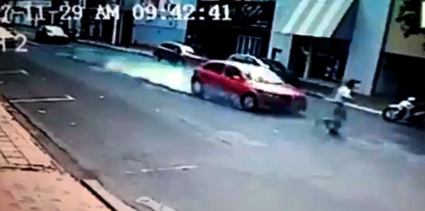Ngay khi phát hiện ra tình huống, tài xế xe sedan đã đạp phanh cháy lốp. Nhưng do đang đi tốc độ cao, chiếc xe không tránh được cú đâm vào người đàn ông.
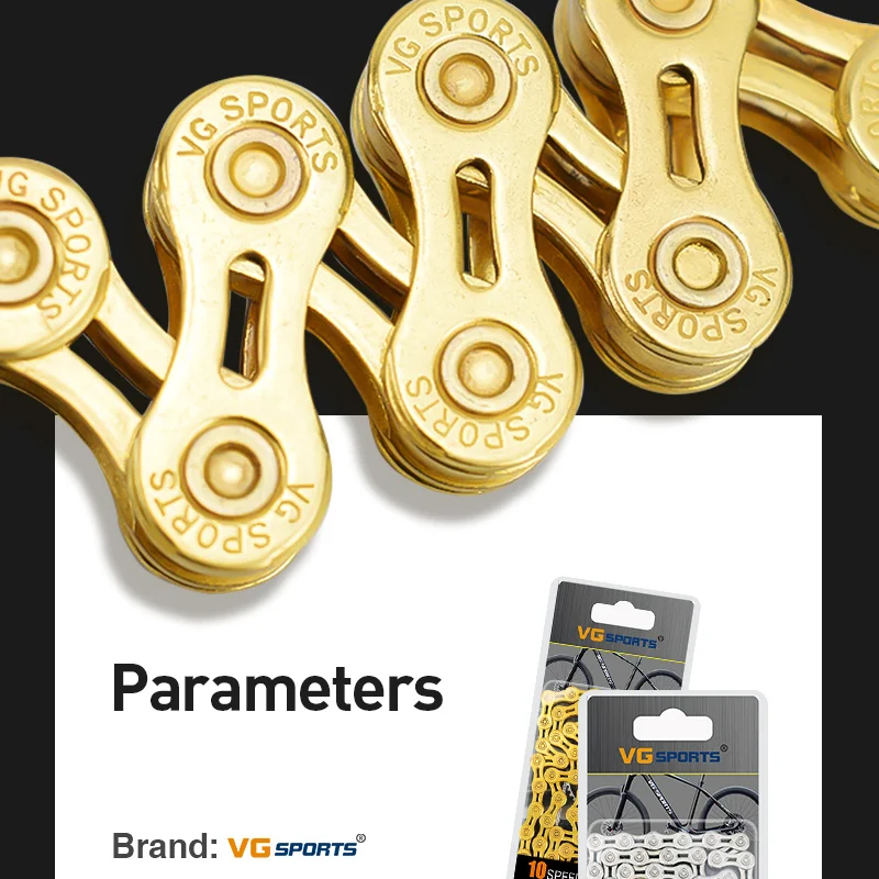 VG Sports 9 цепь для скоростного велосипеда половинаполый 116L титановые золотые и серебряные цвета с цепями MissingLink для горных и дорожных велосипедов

####################

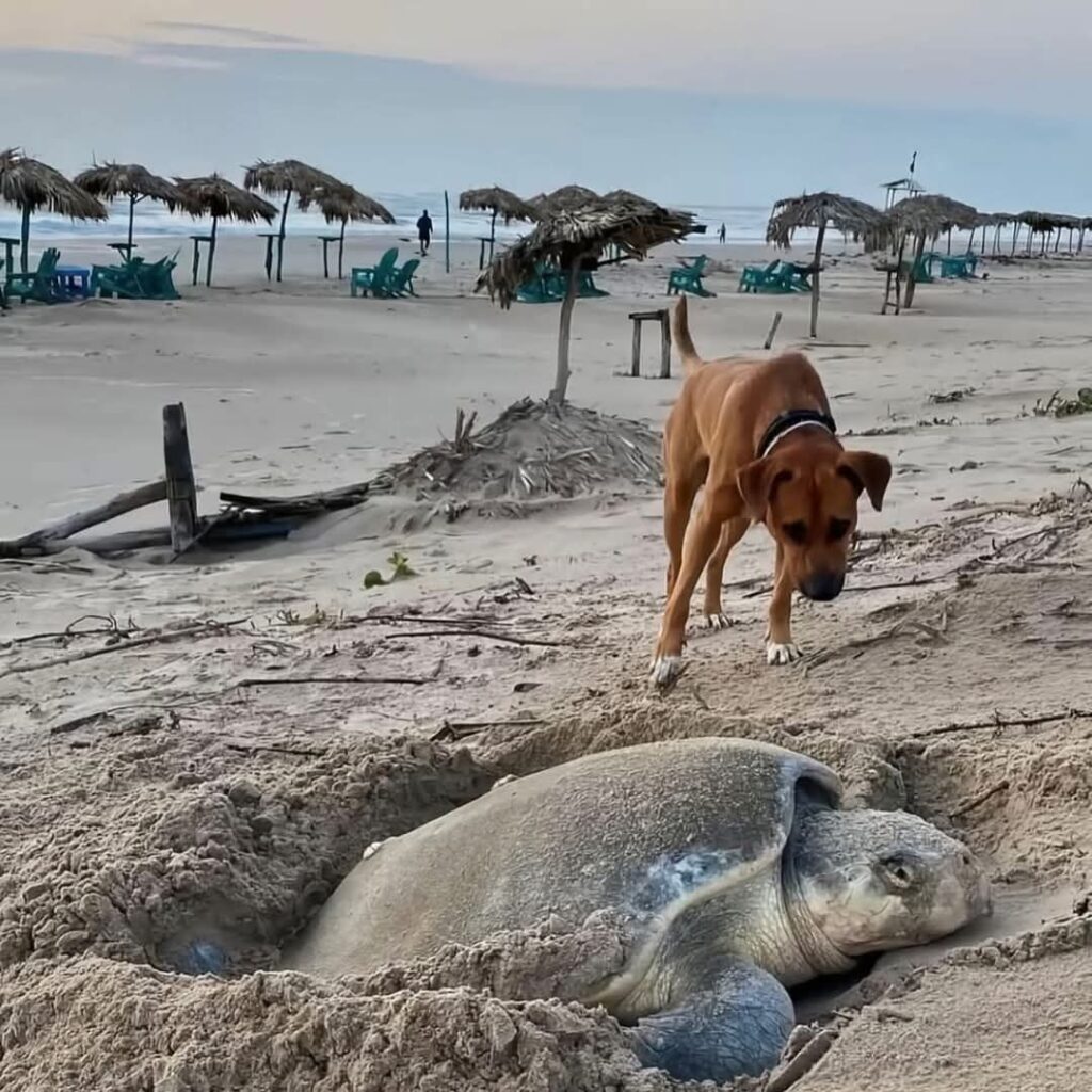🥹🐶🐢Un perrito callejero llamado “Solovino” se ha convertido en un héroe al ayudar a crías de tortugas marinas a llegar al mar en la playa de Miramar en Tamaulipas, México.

####################

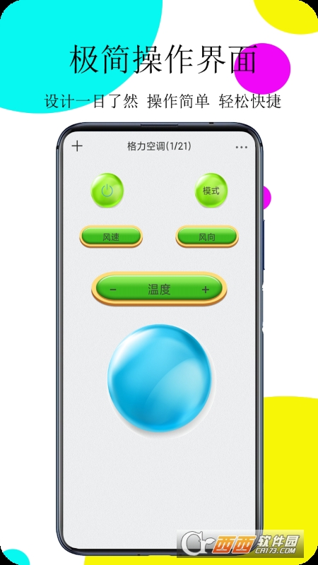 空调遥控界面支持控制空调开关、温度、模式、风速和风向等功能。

####################

§ EXERCISE REQUIREMENTS
Using the data above, give again exactly the lines starting at the one holding "Ngay khi phát" and ending at the one holding "VG Sports 9", inclusive, and nothing more. Omit the pictures.

§ EXERCISE ANSWER
Ngay khi phát hiện ra tình huống, tài xế xe sedan đã đạp phanh cháy lốp. Nhưng do đang đi tốc độ cao, chiếc xe không tránh được cú đâm vào người đàn ông.
 VG Sports 9 цепь для скоростного велосипеда половинаполый 116L титановые золотые и серебряные цвета с цепями MissingLink для горных и дорожных велосипедов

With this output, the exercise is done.